Some third party platforms now support self hosted or private cloud deployments precisely because of this requirement.

Build vs buy

Most factories end up as hybrids.

Teams often buy
  • The core model APIs  
  • Some flavor of managed agent runtime or orchestrator  
  • Developer tools that integrate tightly with editors and CI
They almost always build
  • Intake logic and templates tailored to their own processes  
  • Domain specific validation layers and benchmarks  
  • Integrations with internal systems and data sources  
  • The opinionated workflows that define what good looks like in their context

The important part is to decide early what you want to own. Owning the full stack is almost never required. Owning your workflows and standards almost always is.

06

Why most orgs should start with enablement, not a factory

A software factory is one of the strongest ways to connect AI investment to engineering output. It is also one of the easiest ways to burn time and capital if you try to install it on top of a brittle system and a team that has not yet learned how to work with AI.

A more reliable sequence looks like this:

Baseline the engineering system 

Measure test coverage, CI health, repo sprawl, and current AI usage. Identify the areas where agents would immediately drown in complexity. This can be tested with example tickets.

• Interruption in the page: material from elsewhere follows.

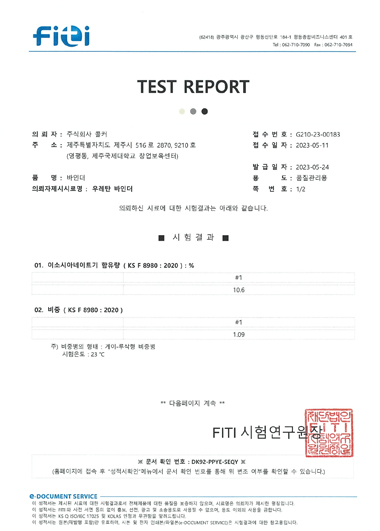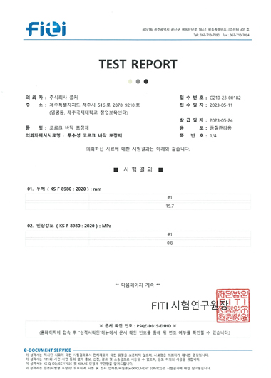 (주)콜커 칼라 코르크 탄성바닥재_시험성적서

Run a focused AI enablement program

Pick tools. Roll them out with intent. Give people training, examples, and one on one coaching. Set clear expectations about what AI native development means for tickets, reviews, and documentation. Track adoption and impact

Scope a narrow factory pilot

Choose a constrained class of work, like low risk backend tickets in one domain. Build a minimal intake, harness, sandbox, and verification path. Run it in parallel with humans. Learn where it fails. Use those lessons to refine both the system and the underlying code and tests

Expand by evidence, not by slogan 

Move to broader surfaces or more complex tasks only when you have real data that the factory is at least as reliable and efficient as the baseline

In practice, many organizations find that the enablement phase alone pays for itself. They get more from their existing teams, can be more selective about external hiring, and reduce cycle times even before a full factory goes live.

The factory then becomes the next logical step, not a leap of faith.

07

Why software factory is a useful frame for leaders

For PE backed companies and large enterprises, AI is not a science project. It is one of several levers for improving product and engineering over a defined horizon. Leaders want to see more throughput from leaner teams, faster iteration on core systems, and clear ties between investment and delivered change.

From that point of view, software factory has a few advantages as a frame
  • It speaks to outcomes that matter, such as smaller effective teams, faster iteration, and more predictable delivery  
  • It implicitly includes both education and systems. You cannot have a factory without people who know how to work in it, and you cannot get full value from AI enabled people without a system that captures and amplifies what they do  
  • It admits nuance. A factory can start small, focus on low risk work, and grow with the org. It is not an all or nothing bet

A software factory is not the only way to benefit from AI in engineering. Teams can and do get real value from better tooling, smarter observability, and improved planning alone. For example, improve things like Jira ticket quality can drastically improve results.

What the factory provides is a path to turn those gains into something compounding. It is a way to bake AI into the operating model of software delivery, so that each ticket, each session, and each fix leaves the system a little sharper than it was the day before.

Conclusion

The Factory Is the Operating Model

The companies that win with AI in engineering will not be the ones with the most experiments, but the ones that turn those experiments into a repeatable system. A software factory gives leaders a practical path from scattered tools to measurable output, combining enablement, orchestration, verification, and human judgment into one operating model. The real opportunity is not simply to write code faster, but to build an engineering system that gets better with every ticket it ships.